### Data ###

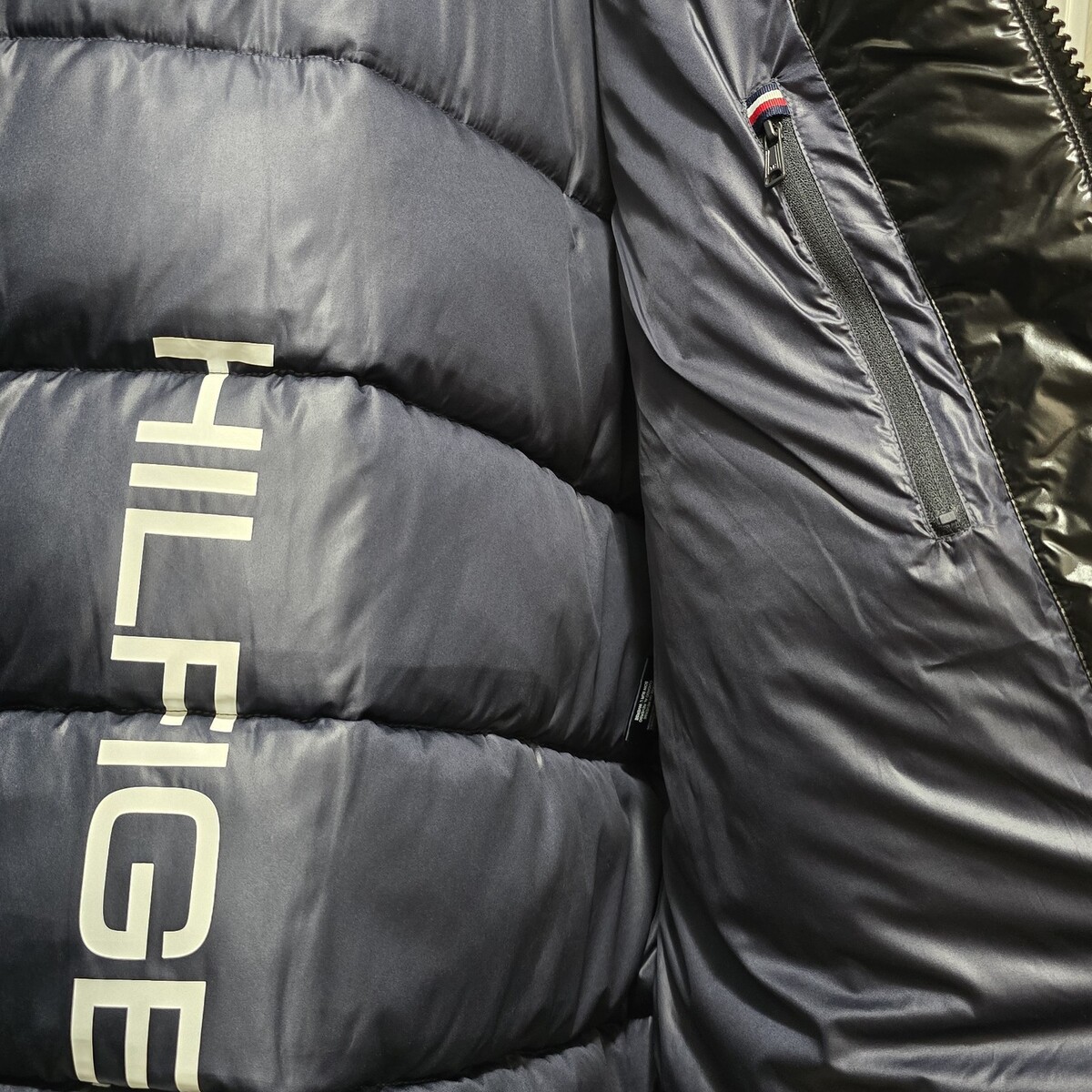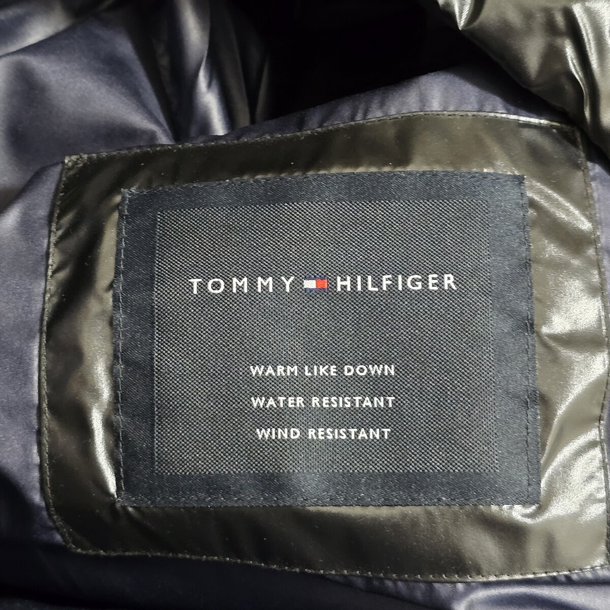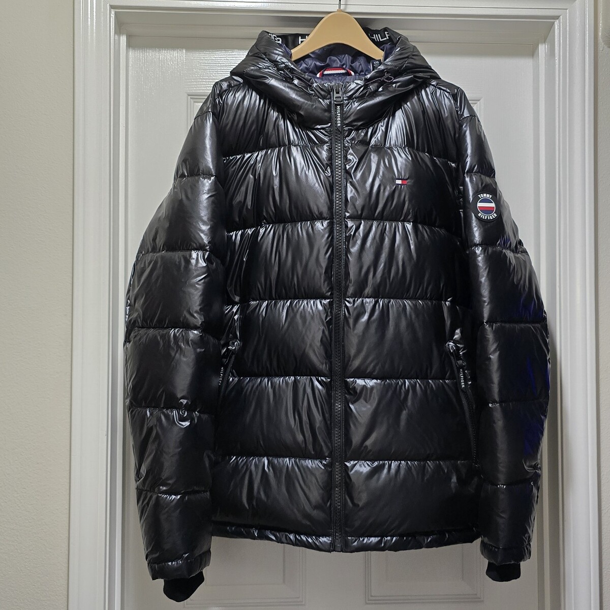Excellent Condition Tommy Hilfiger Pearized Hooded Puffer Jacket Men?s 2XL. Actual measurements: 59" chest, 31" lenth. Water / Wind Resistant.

###
### Data ###

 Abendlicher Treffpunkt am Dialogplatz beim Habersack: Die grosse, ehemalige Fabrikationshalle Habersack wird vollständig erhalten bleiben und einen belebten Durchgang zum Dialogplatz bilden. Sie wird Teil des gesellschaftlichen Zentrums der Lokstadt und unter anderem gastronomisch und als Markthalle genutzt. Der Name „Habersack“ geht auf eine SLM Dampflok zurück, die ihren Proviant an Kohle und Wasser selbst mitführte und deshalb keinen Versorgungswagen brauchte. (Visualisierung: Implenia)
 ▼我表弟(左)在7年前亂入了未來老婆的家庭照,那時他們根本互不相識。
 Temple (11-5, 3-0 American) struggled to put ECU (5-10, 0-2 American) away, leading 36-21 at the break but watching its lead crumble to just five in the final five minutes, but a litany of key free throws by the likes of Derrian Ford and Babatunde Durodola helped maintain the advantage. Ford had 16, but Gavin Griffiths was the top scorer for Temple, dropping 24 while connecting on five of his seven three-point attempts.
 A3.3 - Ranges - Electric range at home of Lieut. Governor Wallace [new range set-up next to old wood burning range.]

###
### Data ###

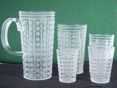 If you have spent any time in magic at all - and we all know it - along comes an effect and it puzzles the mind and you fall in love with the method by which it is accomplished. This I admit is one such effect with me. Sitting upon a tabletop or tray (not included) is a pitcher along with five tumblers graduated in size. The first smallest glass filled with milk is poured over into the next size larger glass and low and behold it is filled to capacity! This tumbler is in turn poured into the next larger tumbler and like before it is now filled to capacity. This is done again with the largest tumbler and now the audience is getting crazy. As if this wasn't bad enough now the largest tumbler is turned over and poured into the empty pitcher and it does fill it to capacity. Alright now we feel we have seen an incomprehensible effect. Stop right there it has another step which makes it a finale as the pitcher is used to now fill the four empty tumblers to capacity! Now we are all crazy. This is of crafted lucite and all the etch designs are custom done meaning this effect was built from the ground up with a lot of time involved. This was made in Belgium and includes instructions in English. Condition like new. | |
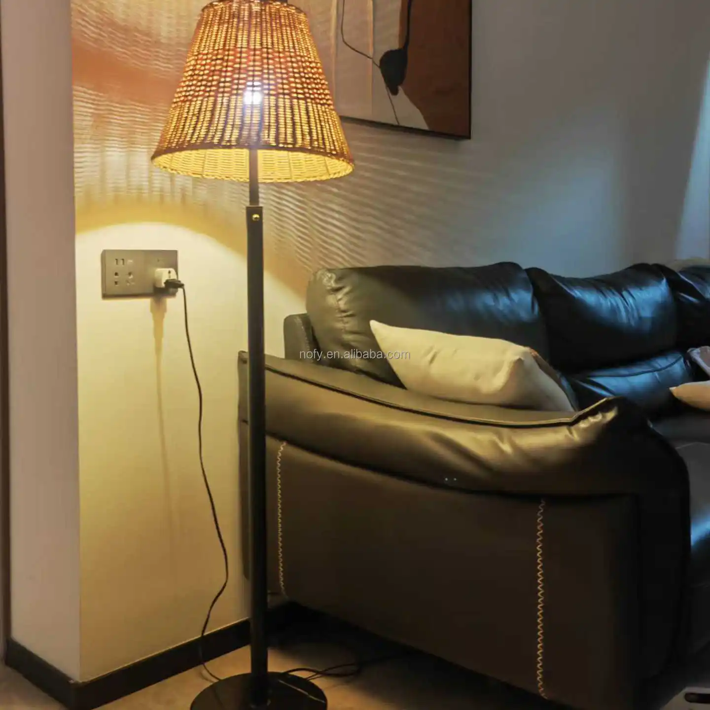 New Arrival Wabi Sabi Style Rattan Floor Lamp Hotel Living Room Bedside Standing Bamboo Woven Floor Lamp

###

Work from the entries above. Set down exactly and only the lines from the line with "If you have" to the line with "New Arrival Wabi", both included, and leave the pictures out.

• The answer
 If you have spent any time in magic at all - and we all know it - along comes an effect and it puzzles the mind and you fall in love with the method by which it is accomplished. This I admit is one such effect with me. Sitting upon a tabletop or tray (not included) is a pitcher along with five tumblers graduated in size. The first smallest glass filled with milk is poured over into the next size larger glass and low and behold it is filled to capacity! This tumbler is in turn poured into the next larger tumbler and like before it is now filled to capacity. This is done again with the largest tumbler and now the audience is getting crazy. As if this wasn't bad enough now the largest tumbler is turned over and poured into the empty pitcher and it does fill it to capacity. Alright now we feel we have seen an incomprehensible effect. Stop right there it has another step which makes it a finale as the pitcher is used to now fill the four empty tumblers to capacity! Now we are all crazy. This is of crafted lucite and all the etch designs are custom done meaning this effect was built from the ground up with a lot of time involved. This was made in Belgium and includes instructions in English. Condition like new. | |
 New Arrival Wabi Sabi Style Rattan Floor Lamp Hotel Living Room Bedside Standing Bamboo Woven Floor Lamp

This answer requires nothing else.